Items listed in a dataset:
※ ※ ※
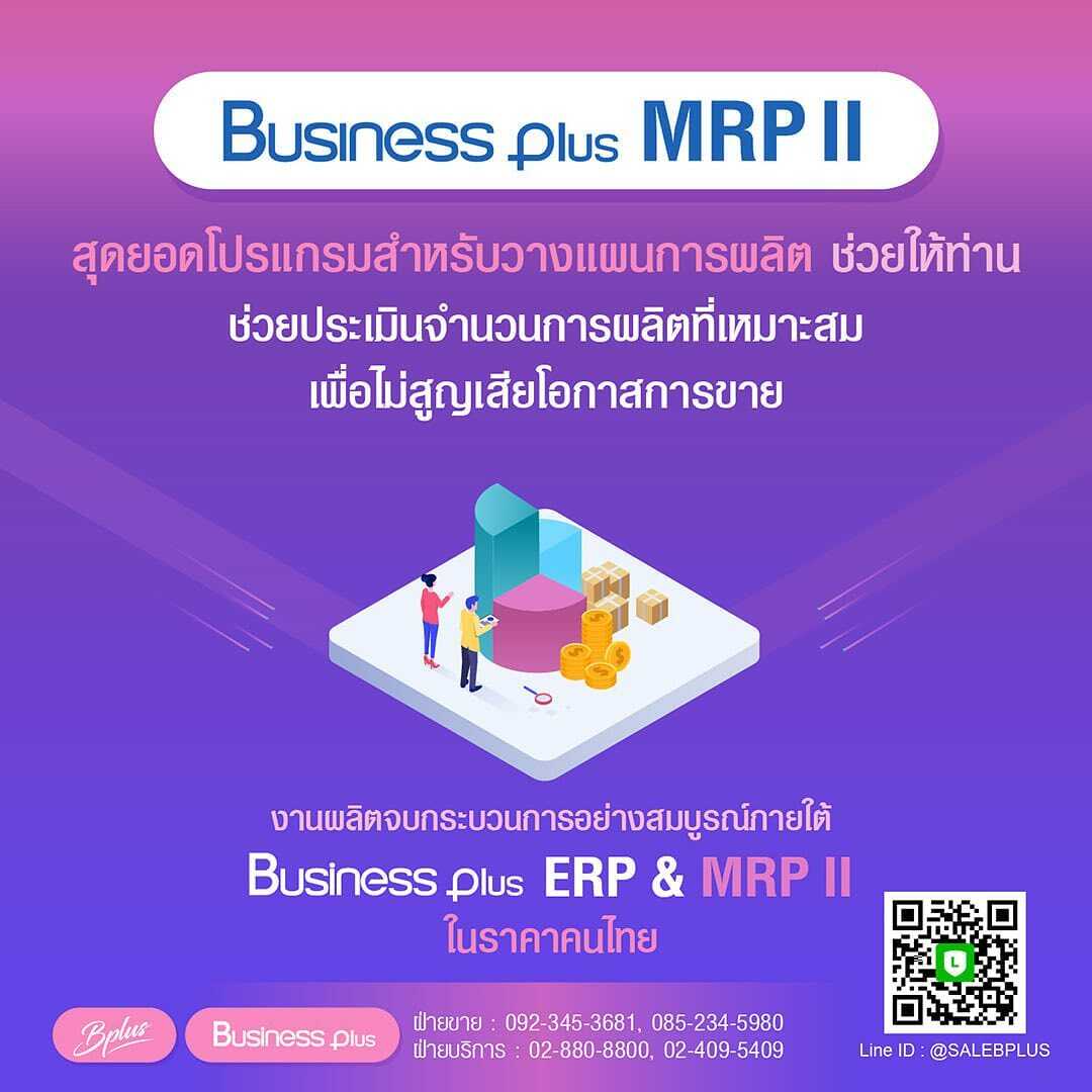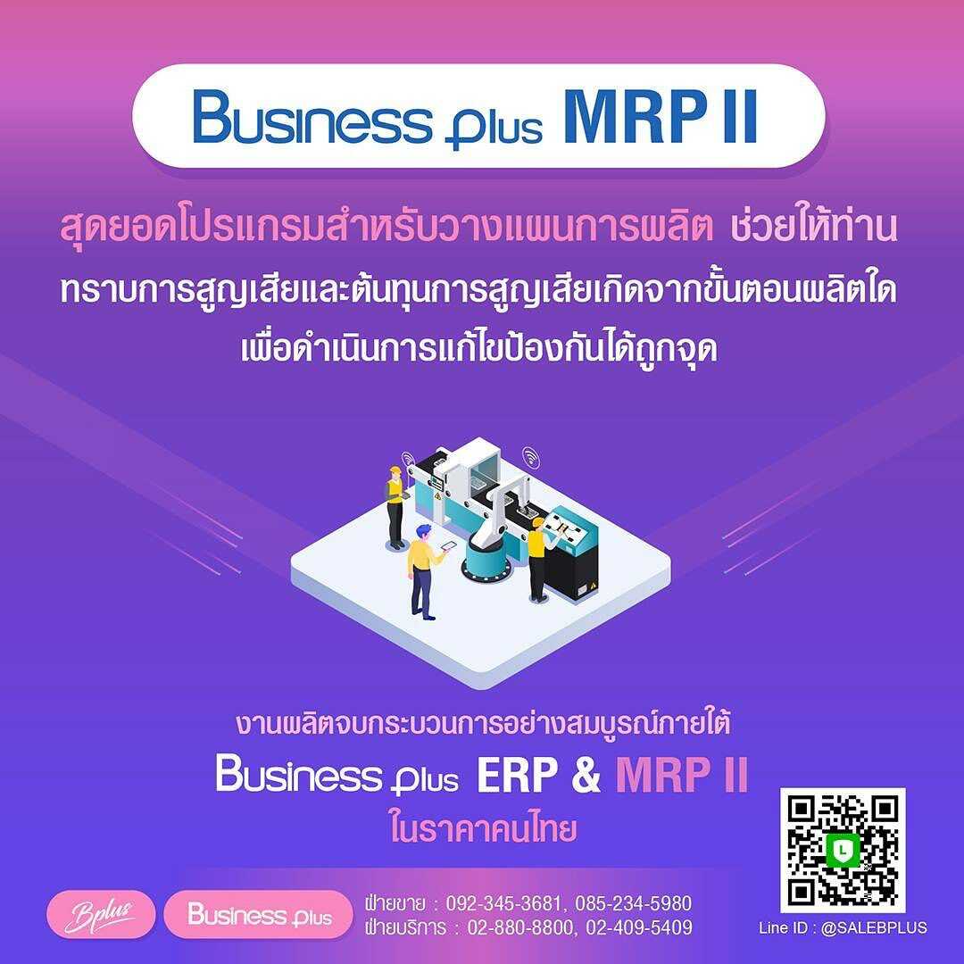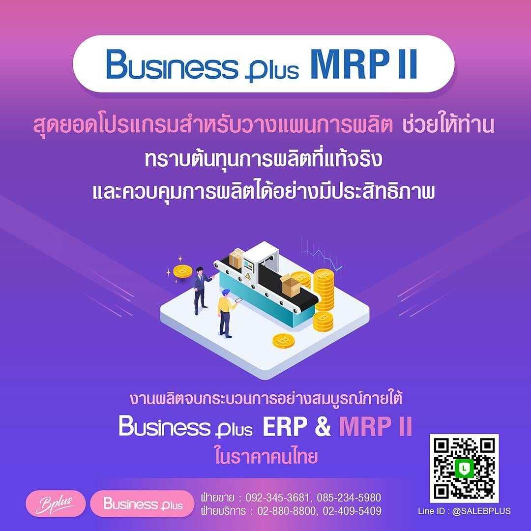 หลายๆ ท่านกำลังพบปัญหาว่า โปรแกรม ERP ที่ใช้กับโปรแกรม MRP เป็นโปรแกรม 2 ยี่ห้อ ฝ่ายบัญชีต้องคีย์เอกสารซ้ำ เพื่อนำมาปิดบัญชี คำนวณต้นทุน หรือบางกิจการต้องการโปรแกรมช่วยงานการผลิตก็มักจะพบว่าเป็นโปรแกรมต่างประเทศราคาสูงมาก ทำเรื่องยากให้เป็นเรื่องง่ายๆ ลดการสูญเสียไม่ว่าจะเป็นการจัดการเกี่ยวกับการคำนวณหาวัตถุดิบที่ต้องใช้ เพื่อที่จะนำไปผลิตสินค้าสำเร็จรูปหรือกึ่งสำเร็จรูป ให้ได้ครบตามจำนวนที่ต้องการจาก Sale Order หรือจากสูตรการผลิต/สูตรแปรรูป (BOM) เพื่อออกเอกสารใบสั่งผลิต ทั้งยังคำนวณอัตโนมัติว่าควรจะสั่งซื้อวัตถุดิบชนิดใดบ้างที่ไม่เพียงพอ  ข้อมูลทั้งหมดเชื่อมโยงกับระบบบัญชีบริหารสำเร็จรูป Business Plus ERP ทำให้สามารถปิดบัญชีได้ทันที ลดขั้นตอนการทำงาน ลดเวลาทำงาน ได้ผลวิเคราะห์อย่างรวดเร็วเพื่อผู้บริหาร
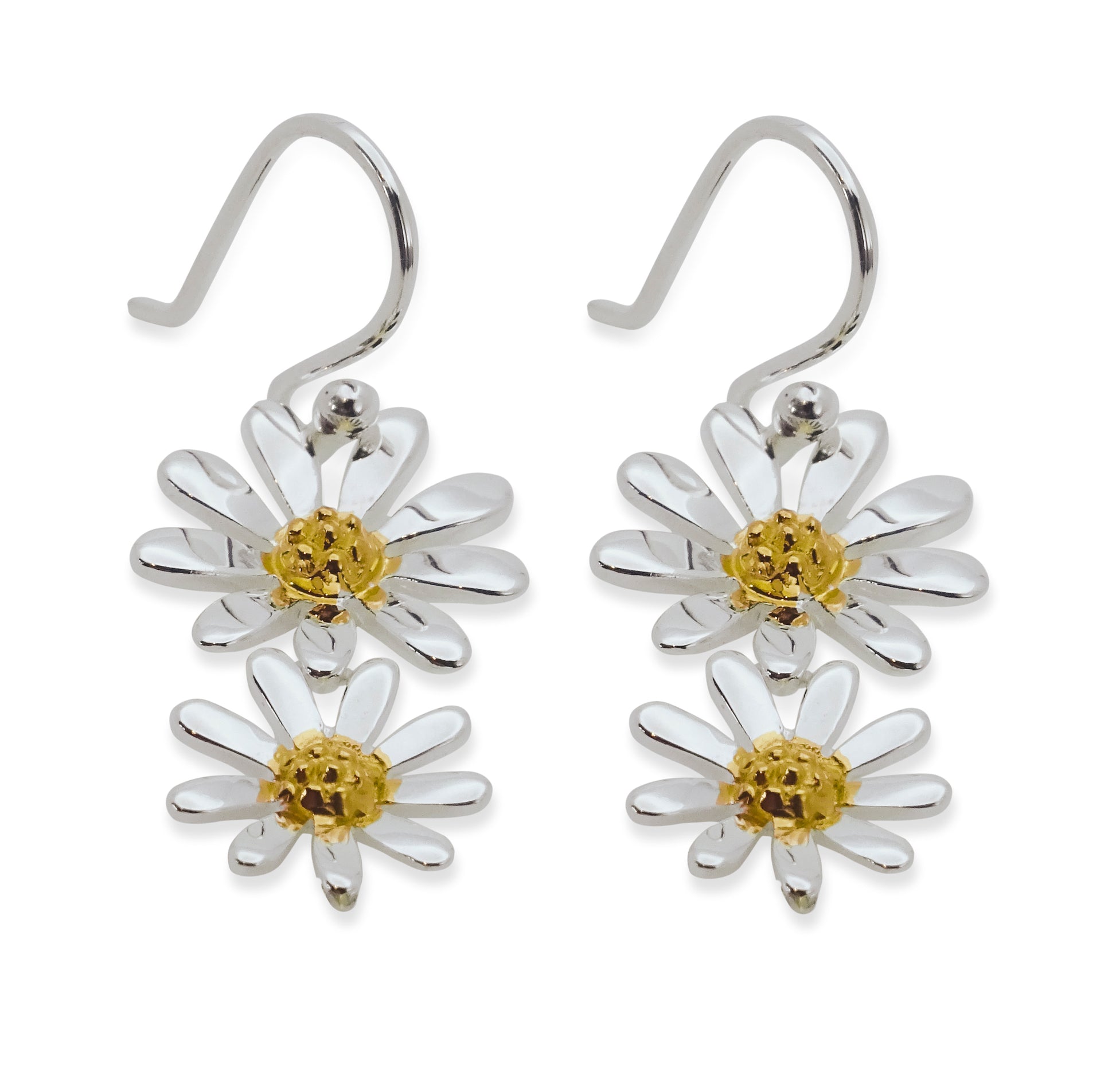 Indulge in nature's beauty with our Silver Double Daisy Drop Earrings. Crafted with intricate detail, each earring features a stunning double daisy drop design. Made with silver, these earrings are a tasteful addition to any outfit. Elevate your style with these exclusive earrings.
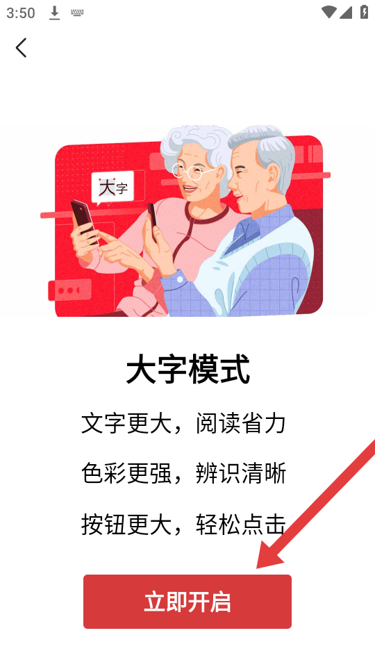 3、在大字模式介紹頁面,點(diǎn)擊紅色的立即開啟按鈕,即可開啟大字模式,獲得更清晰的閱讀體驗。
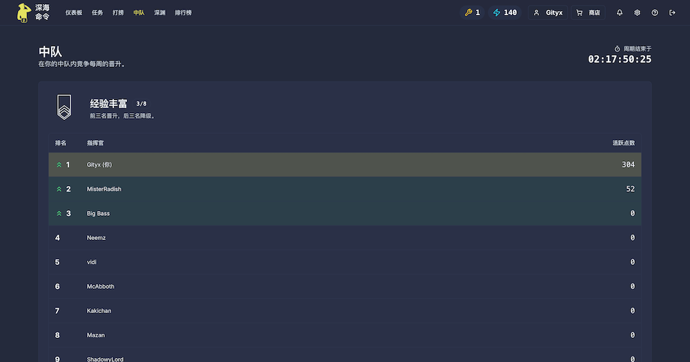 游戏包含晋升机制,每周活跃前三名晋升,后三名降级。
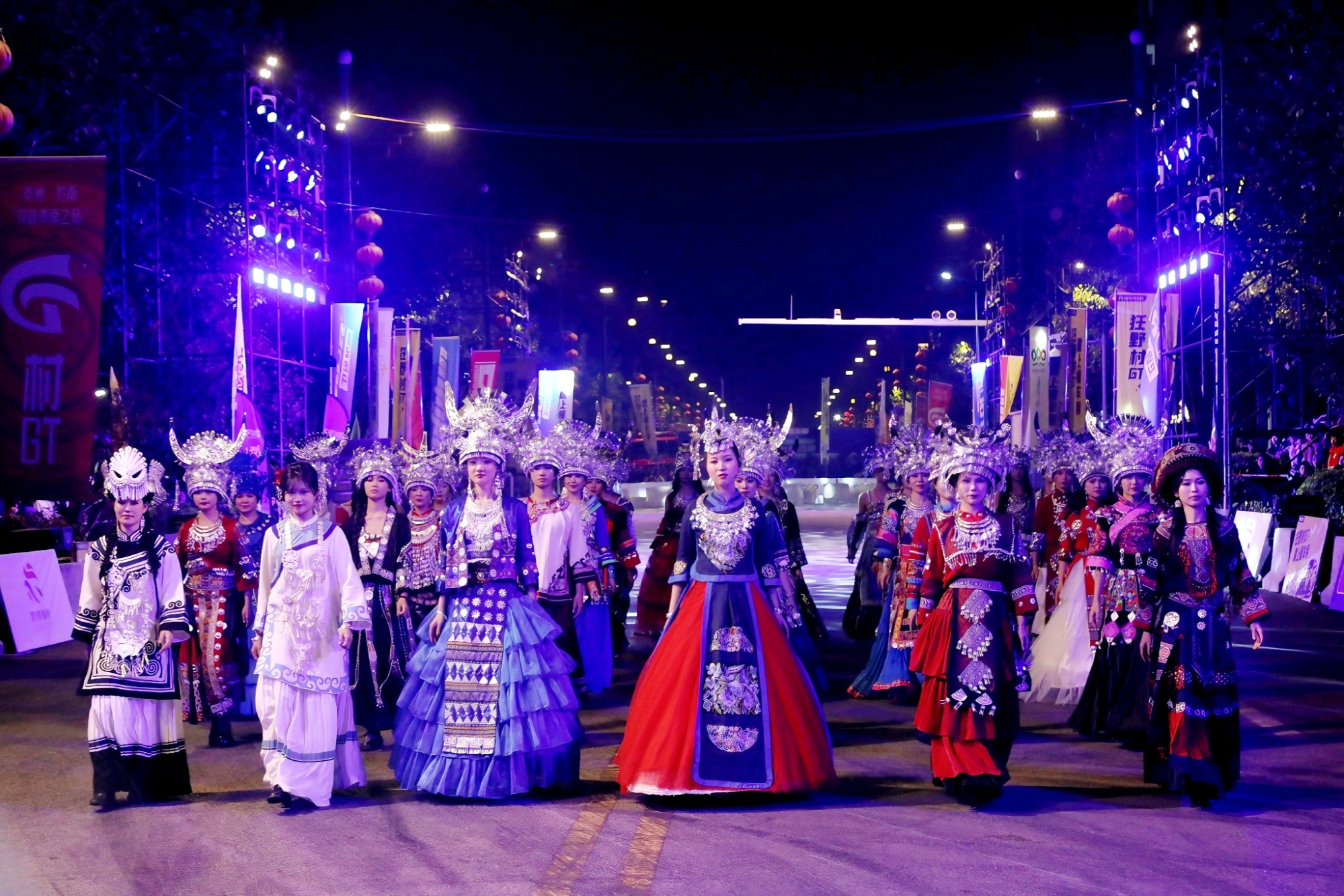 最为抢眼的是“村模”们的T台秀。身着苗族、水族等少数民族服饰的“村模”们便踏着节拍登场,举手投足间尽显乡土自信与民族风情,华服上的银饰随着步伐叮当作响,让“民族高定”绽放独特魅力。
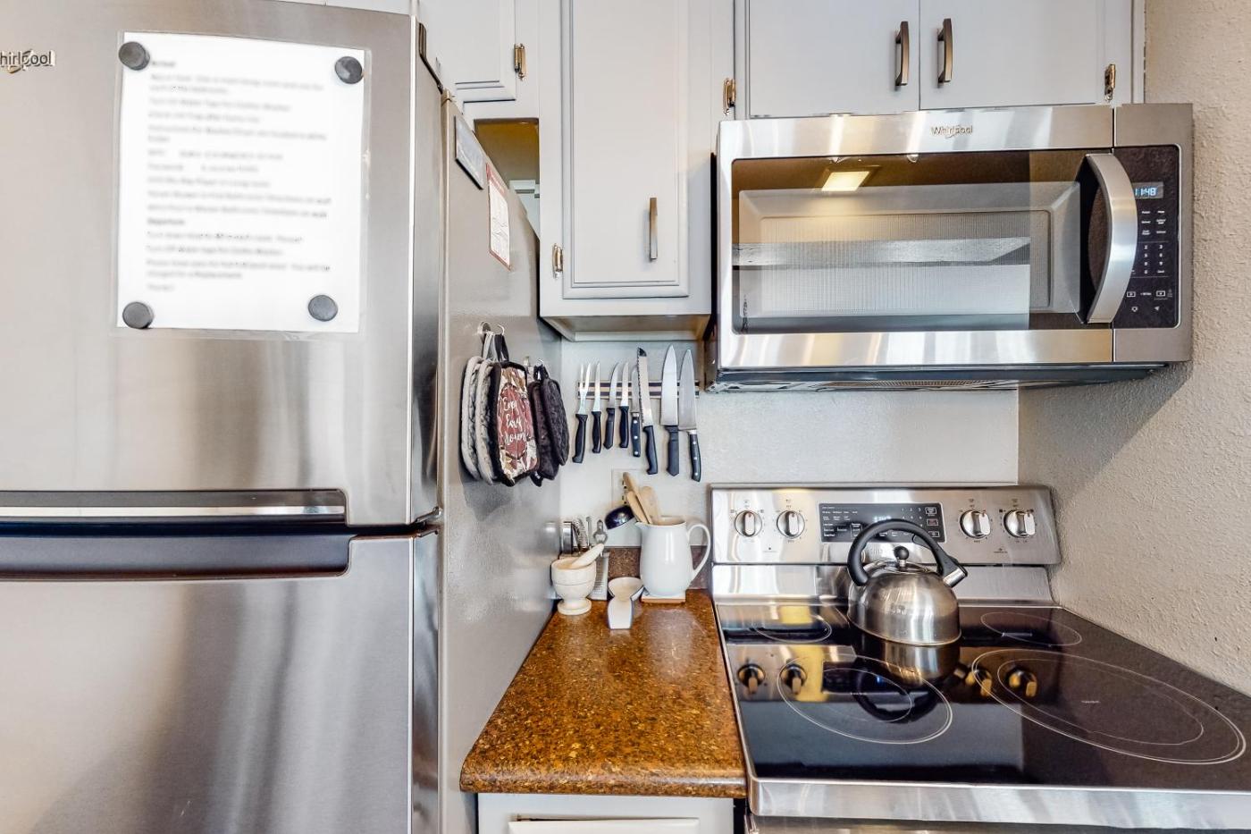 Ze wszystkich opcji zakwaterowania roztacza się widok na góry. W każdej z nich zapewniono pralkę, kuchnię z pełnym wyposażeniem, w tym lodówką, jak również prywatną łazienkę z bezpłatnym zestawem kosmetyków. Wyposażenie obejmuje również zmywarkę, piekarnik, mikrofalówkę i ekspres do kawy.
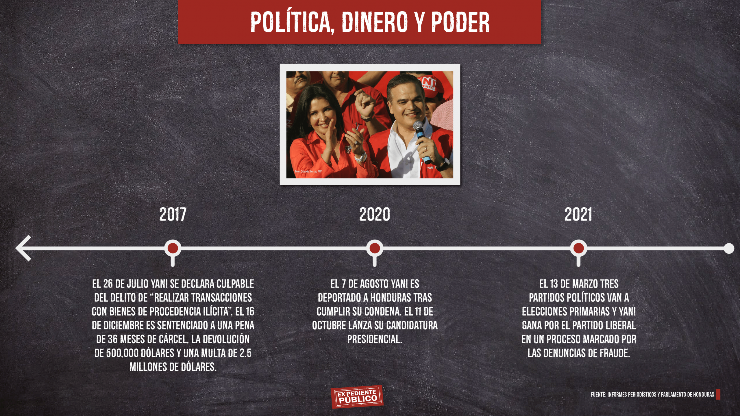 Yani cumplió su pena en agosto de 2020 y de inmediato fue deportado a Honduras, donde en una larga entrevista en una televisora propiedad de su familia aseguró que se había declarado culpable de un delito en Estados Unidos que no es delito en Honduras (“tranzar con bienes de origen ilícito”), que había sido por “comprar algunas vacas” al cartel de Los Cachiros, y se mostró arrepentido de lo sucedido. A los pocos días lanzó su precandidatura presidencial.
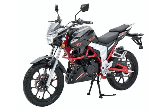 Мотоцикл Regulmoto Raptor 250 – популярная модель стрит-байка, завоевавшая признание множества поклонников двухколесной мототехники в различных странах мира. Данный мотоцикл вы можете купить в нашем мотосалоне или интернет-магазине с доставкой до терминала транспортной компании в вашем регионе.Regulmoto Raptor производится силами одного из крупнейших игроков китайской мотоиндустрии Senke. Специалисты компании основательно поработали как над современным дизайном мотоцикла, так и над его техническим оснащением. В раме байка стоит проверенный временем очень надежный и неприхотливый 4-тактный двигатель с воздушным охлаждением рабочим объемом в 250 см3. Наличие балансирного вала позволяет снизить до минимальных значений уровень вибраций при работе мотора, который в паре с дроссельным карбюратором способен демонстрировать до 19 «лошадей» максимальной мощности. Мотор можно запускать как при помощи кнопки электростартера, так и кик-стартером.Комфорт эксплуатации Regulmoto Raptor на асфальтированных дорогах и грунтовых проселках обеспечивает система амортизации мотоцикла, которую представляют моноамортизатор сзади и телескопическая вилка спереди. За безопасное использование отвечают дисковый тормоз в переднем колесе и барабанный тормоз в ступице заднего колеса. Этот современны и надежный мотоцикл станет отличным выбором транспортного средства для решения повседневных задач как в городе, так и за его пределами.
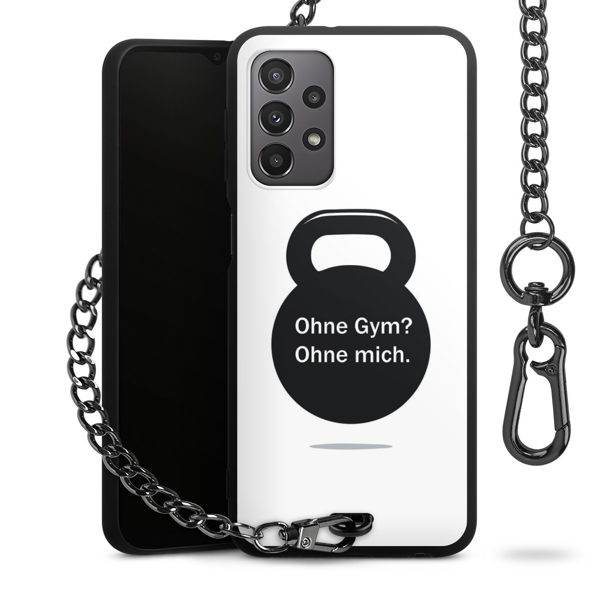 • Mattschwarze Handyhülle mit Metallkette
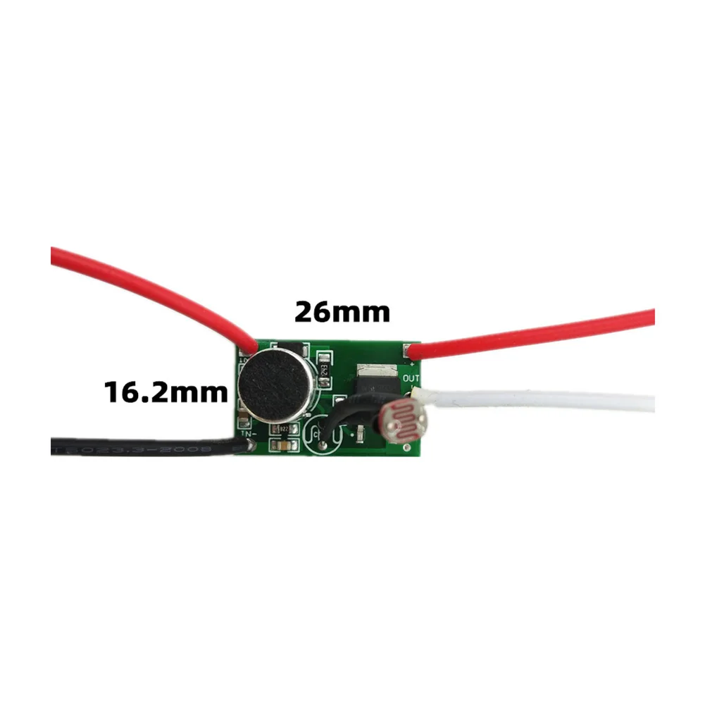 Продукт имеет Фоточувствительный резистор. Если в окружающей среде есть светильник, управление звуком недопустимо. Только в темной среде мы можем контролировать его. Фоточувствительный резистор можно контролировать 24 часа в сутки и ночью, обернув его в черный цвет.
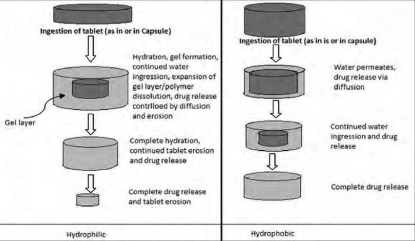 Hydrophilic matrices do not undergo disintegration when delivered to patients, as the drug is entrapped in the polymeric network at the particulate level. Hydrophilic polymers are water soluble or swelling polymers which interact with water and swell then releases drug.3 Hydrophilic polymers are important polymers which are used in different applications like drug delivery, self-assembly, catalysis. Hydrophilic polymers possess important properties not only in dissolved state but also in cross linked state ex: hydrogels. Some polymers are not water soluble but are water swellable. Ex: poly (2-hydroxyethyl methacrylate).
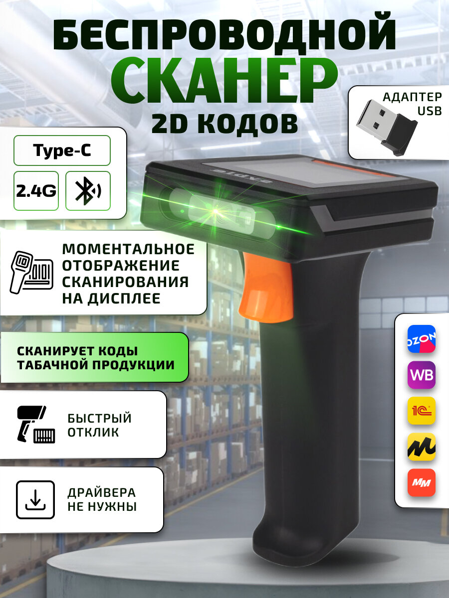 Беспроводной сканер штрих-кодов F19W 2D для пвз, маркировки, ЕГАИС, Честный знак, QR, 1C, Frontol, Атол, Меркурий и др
※ ※ ※
Your assignment »
What you write out is the stretch of entries from the line containing "Yani cumplió su" to the line containing "Handyhülle mit Metallkette", word for word, with both end lines and no pictures.

Task response »
 Yani cumplió su pena en agosto de 2020 y de inmediato fue deportado a Honduras, donde en una larga entrevista en una televisora propiedad de su familia aseguró que se había declarado culpable de un delito en Estados Unidos que no es delito en Honduras (“tranzar con bienes de origen ilícito”), que había sido por “comprar algunas vacas” al cartel de Los Cachiros, y se mostró arrepentido de lo sucedido. A los pocos días lanzó su precandidatura presidencial.
 Мотоцикл Regulmoto Raptor 250 – популярная модель стрит-байка, завоевавшая признание множества поклонников двухколесной мототехники в различных странах мира. Данный мотоцикл вы можете купить в нашем мотосалоне или интернет-магазине с доставкой до терминала транспортной компании в вашем регионе.Regulmoto Raptor производится силами одного из крупнейших игроков китайской мотоиндустрии Senke. Специалисты компании основательно поработали как над современным дизайном мотоцикла, так и над его техническим оснащением. В раме байка стоит проверенный временем очень надежный и неприхотливый 4-тактный двигатель с воздушным охлаждением рабочим объемом в 250 см3. Наличие балансирного вала позволяет снизить до минимальных значений уровень вибраций при работе мотора, который в паре с дроссельным карбюратором способен демонстрировать до 19 «лошадей» максимальной мощности. Мотор можно запускать как при помощи кнопки электростартера, так и кик-стартером.Комфорт эксплуатации Regulmoto Raptor на асфальтированных дорогах и грунтовых проселках обеспечивает система амортизации мотоцикла, которую представляют моноамортизатор сзади и телескопическая вилка спереди. За безопасное использование отвечают дисковый тормоз в переднем колесе и барабанный тормоз в ступице заднего колеса. Этот современны и надежный мотоцикл станет отличным выбором транспортного средства для решения повседневных задач как в городе, так и за его пределами.
 • Mattschwarze Handyhülle mit Metallkette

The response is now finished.